§ Assignment: Every line below from the one containing "Dynamic Time Warping" through the one containing "Ball - เอเนอร์จี้บูสเตอร์สไตล์ไทยสำหรับพกพาระหว่างวัน" must be transcribed exactly. Omit all lines outside that stretch.

§ Raw data:

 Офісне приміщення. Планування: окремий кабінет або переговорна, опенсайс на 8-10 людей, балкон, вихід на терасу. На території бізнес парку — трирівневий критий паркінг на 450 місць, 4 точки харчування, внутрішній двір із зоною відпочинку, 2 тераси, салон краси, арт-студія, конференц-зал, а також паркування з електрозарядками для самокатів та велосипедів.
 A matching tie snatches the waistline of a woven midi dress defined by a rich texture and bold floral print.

...

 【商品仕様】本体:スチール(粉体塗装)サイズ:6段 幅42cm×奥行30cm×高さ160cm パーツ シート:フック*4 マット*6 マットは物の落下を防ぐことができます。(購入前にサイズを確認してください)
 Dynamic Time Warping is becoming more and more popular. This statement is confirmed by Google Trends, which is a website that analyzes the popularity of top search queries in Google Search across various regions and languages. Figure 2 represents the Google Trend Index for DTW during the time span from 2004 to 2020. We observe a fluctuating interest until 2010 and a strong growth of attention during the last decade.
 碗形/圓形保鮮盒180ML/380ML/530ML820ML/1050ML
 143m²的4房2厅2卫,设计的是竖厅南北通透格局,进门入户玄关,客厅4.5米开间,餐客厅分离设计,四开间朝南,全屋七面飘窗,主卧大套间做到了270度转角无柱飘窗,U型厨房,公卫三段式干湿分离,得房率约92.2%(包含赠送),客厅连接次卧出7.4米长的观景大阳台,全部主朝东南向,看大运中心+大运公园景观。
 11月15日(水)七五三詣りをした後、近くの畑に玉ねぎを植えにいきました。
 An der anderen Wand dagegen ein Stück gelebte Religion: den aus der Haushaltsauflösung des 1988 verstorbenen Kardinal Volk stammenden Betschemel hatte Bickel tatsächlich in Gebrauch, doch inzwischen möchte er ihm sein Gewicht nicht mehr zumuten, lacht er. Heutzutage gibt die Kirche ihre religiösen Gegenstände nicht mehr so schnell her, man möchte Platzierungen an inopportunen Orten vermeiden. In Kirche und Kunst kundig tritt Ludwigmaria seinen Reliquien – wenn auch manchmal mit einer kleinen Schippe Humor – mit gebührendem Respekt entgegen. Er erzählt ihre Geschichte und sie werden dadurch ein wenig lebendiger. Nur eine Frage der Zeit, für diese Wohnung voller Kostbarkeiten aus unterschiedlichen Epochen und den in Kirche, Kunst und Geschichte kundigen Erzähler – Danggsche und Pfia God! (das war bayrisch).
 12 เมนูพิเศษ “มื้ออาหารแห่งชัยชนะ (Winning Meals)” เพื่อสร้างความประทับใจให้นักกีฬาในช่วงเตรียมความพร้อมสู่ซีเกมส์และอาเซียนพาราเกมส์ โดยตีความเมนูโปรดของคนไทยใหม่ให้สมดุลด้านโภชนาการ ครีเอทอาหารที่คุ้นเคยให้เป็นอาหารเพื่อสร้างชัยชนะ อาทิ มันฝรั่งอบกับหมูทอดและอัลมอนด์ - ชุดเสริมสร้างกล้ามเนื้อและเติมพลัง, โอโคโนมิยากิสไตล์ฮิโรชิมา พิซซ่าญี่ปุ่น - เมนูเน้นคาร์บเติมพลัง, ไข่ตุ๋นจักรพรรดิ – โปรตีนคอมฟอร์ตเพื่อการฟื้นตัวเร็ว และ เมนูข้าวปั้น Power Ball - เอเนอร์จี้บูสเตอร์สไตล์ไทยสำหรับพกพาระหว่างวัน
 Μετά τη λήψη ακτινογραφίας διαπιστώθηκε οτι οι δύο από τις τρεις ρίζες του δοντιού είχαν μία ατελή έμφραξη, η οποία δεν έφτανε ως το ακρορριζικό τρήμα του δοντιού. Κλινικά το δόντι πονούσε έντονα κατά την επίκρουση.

==

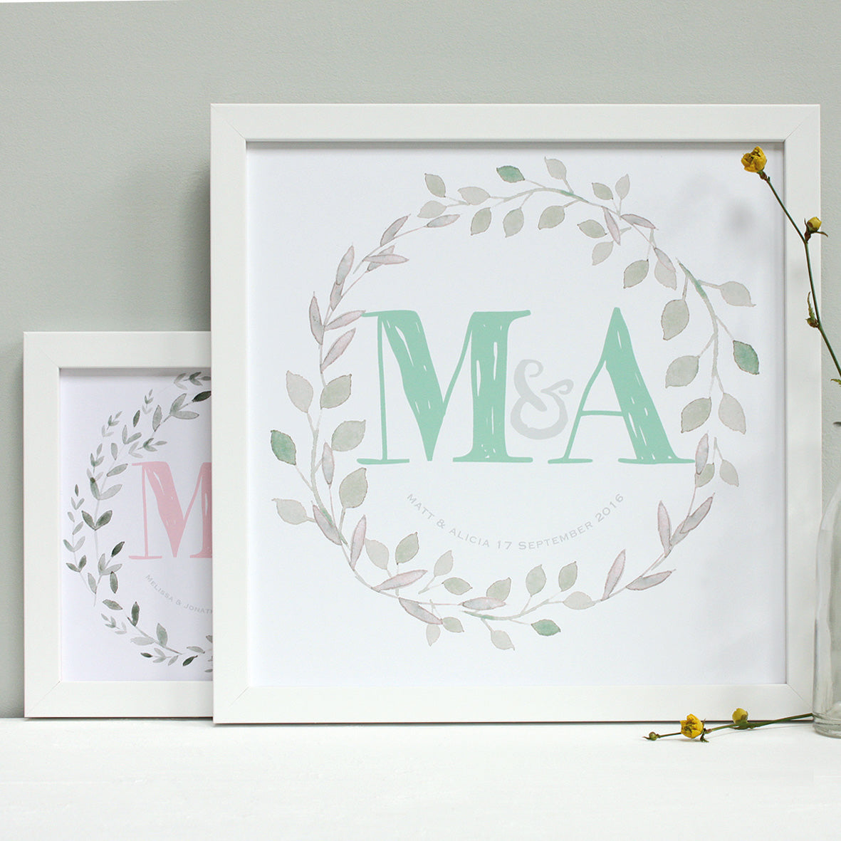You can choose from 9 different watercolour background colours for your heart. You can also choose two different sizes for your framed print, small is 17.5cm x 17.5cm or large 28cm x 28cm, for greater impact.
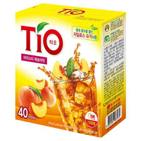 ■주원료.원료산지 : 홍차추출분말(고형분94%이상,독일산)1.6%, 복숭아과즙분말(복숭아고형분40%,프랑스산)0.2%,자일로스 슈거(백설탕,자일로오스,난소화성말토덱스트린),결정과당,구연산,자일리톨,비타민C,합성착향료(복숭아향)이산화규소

§ Completed exercise:
 Dynamic Time Warping is becoming more and more popular. This statement is confirmed by Google Trends, which is a website that analyzes the popularity of top search queries in Google Search across various regions and languages. Figure 2 represents the Google Trend Index for DTW during the time span from 2004 to 2020. We observe a fluctuating interest until 2010 and a strong growth of attention during the last decade.
 碗形/圓形保鮮盒180ML/380ML/530ML820ML/1050ML
 143m²的4房2厅2卫,设计的是竖厅南北通透格局,进门入户玄关,客厅4.5米开间,餐客厅分离设计,四开间朝南,全屋七面飘窗,主卧大套间做到了270度转角无柱飘窗,U型厨房,公卫三段式干湿分离,得房率约92.2%(包含赠送),客厅连接次卧出7.4米长的观景大阳台,全部主朝东南向,看大运中心+大运公园景观。
 11月15日(水)七五三詣りをした後、近くの畑に玉ねぎを植えにいきました。
 An der anderen Wand dagegen ein Stück gelebte Religion: den aus der Haushaltsauflösung des 1988 verstorbenen Kardinal Volk stammenden Betschemel hatte Bickel tatsächlich in Gebrauch, doch inzwischen möchte er ihm sein Gewicht nicht mehr zumuten, lacht er. Heutzutage gibt die Kirche ihre religiösen Gegenstände nicht mehr so schnell her, man möchte Platzierungen an inopportunen Orten vermeiden. In Kirche und Kunst kundig tritt Ludwigmaria seinen Reliquien – wenn auch manchmal mit einer kleinen Schippe Humor – mit gebührendem Respekt entgegen. Er erzählt ihre Geschichte und sie werden dadurch ein wenig lebendiger. Nur eine Frage der Zeit, für diese Wohnung voller Kostbarkeiten aus unterschiedlichen Epochen und den in Kirche, Kunst und Geschichte kundigen Erzähler – Danggsche und Pfia God! (das war bayrisch).
 12 เมนูพิเศษ “มื้ออาหารแห่งชัยชนะ (Winning Meals)” เพื่อสร้างความประทับใจให้นักกีฬาในช่วงเตรียมความพร้อมสู่ซีเกมส์และอาเซียนพาราเกมส์ โดยตีความเมนูโปรดของคนไทยใหม่ให้สมดุลด้านโภชนาการ ครีเอทอาหารที่คุ้นเคยให้เป็นอาหารเพื่อสร้างชัยชนะ อาทิ มันฝรั่งอบกับหมูทอดและอัลมอนด์ - ชุดเสริมสร้างกล้ามเนื้อและเติมพลัง, โอโคโนมิยากิสไตล์ฮิโรชิมา พิซซ่าญี่ปุ่น - เมนูเน้นคาร์บเติมพลัง, ไข่ตุ๋นจักรพรรดิ – โปรตีนคอมฟอร์ตเพื่อการฟื้นตัวเร็ว และ เมนูข้าวปั้น Power Ball - เอเนอร์จี้บูสเตอร์สไตล์ไทยสำหรับพกพาระหว่างวัน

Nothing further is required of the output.